Los guardianes invisibles de Binance P2P: cómo utilizar la visión por computadora para detectar fraudes

2024-02-14

Puntos destacados

  • Al utilizar modelos de visión por computadora (CV) basados en inteligencia artificial (IA) para evaluar comprobantes de pagos, ofrecemos a los usuarios de nuestra plataforma P2P una capa adicional de protección contra la actividad fraudulenta.

  • Nuestro compromiso de mejorar la experiencia de usuario se manifiesta en el mantenimiento de un marco de seguridad simple pero sólido dentro de nuestra plataforma P2P. Creemos que, incluso con el uso de tecnologías de vanguardia como la IA, la seguridad no debe ir en detrimento de la complejidad. 

  • Un enfoque consciente para llevar a cabo transacciones peer-to-peer es el primer paso para garantizar la seguridad de tus activos. Siempre pon atención al recibir cualquier comprobante de pago. Confirma que el monto real recibido coincida con el valor declarado de la transacción.

Engaño de la percepción: la amenaza de la manipulación de comprobantes de pago 

En la publicación de blog anterior de esta serie, Los guardianes invisibles de Binance P2P: cómo utilizar la IA para proteger a los criptousuarios, vimos cómo usamos grandes modelos de lenguaje (LLM) para proporcionar supervisión en tiempo real en las comunicaciones de los usuarios P2P con el fin de ayudar a detectar transacciones potencialmente sospechosas. Ahora, cambiamos nuestro enfoque a otro aspecto del desafío de aprovechar la tecnología de vanguardia para proteger a los usuarios P2P y echamos un vistazo a la aplicación de modelos de visión por computadora (CV) para detectar estafadores.

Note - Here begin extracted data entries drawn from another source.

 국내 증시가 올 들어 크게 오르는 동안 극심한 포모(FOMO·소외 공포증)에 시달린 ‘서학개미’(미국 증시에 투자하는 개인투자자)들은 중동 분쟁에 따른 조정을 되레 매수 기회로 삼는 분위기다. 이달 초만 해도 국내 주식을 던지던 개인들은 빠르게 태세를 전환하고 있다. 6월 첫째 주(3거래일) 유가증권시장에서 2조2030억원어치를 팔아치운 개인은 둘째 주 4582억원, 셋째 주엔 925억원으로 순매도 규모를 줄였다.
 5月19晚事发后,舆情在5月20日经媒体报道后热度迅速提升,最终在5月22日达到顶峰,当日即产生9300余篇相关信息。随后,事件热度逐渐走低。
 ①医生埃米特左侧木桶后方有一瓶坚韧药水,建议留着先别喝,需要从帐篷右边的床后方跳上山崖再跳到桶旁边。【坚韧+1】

En las transacciones peer-to-peer, la función de un comprobante de pago (CDP) válido es fundamental. Es de suma importancia para que los usuarios empleen la debida diligencia y se aseguren de haber recibido la suma exacta de la transacción. A pesar de esto, las herramientas de edición, incluso las más simples, están fácilmente disponibles para que personas sin escrúpulos fabriquen comprobantes de pago que parecen auténticos. Esto plantea un verdadero desafío para los destinatarios al momento de identificar transacciones falsificadas. Los estafadores también pueden hacer que el proceso comercial sea aún más intimidante mediante el uso de diversas tácticas de ingeniería social, como presionar o confundir a la víctima. 

En total, se envían más de 250,000 imágenes en nuestras plataformas todos los días, que no se limitan a imágenes de comprobantes de pago. Sin embargo, existen diversas variaciones en estos comprobantes: las imágenes difieren en formato, diseño y fuente, lo que agrega otra capa de complejidad a la tarea de detectar manipulaciones.

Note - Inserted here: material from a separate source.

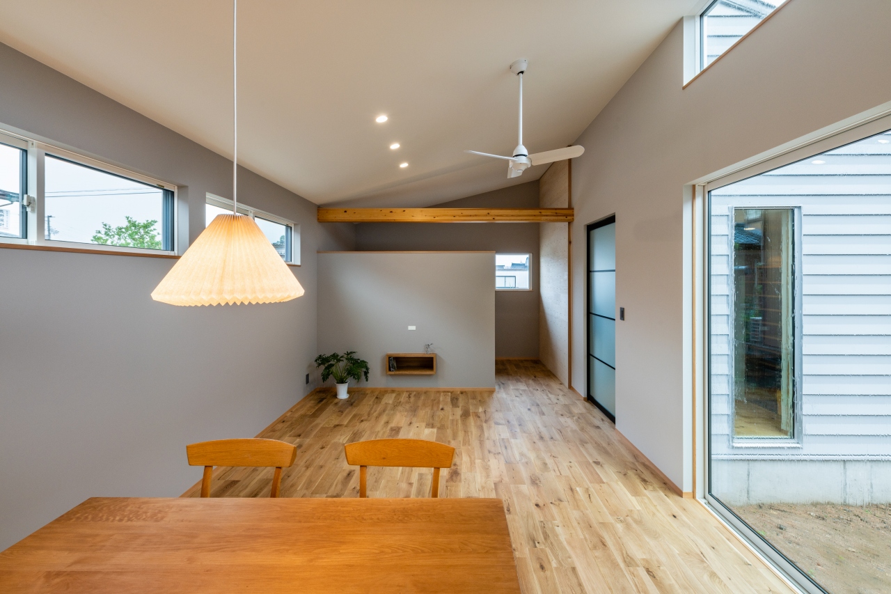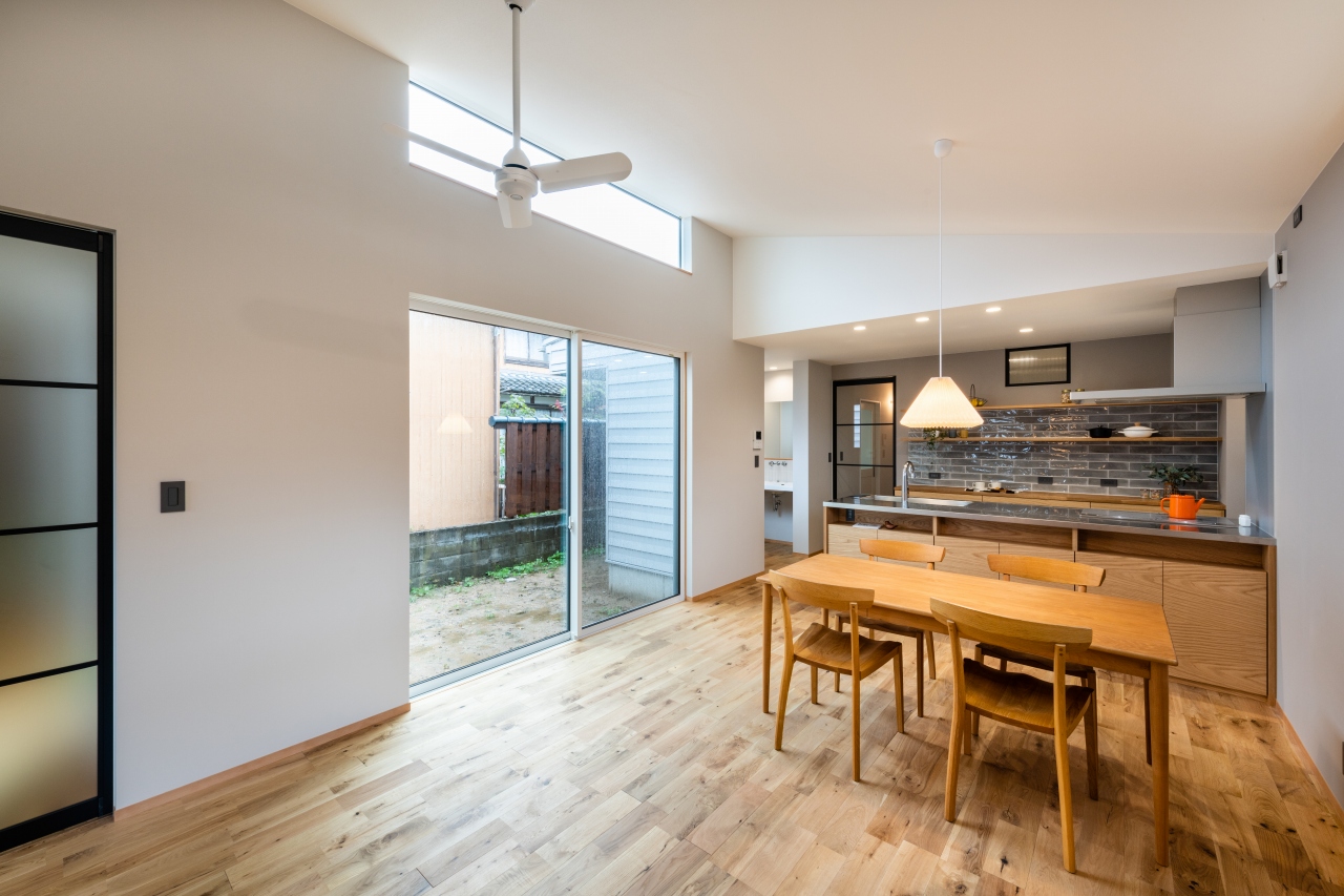 中庭に大きく開いた勾配天井のLDK

Mientras la amenaza de los comprobantes de pago fraudulentos persista, no dejaremos solos a nuestros usuarios a la hora de combatir estas tácticas engañosas. Equipada con algoritmos avanzados de IA, nuestra plataforma analiza todas las imágenes enviadas durante las transacciones, con lo que garantiza su autenticidad y legitimidad en tiempo real. Estos modelos robustos son muy efectivos para identificar y señalar cualquier signo de alteración o manipulación de una imagen. Tales rigurosas medidas de seguridad se implementan con el fin de garantizar la integridad de las transacciones de nuestros usuarios, lo que evita de manera preventiva los atentados fraudulentos y, por lo tanto, mitiga el riesgo de que los usuarios experimenten posibles pérdidas.

Engaños al descubierto: cómo aprovechamos la visión por computadora para detectar comprobantes de pago falsos

La visión por computadora (CV), un campo de la inteligencia artificial en el que se entrena a las computadoras para interpretar y comprender el mundo visual, ofrece una de las soluciones más potentes disponibles hoy en día para resolver el problema de los comprobantes de pago falsificados. 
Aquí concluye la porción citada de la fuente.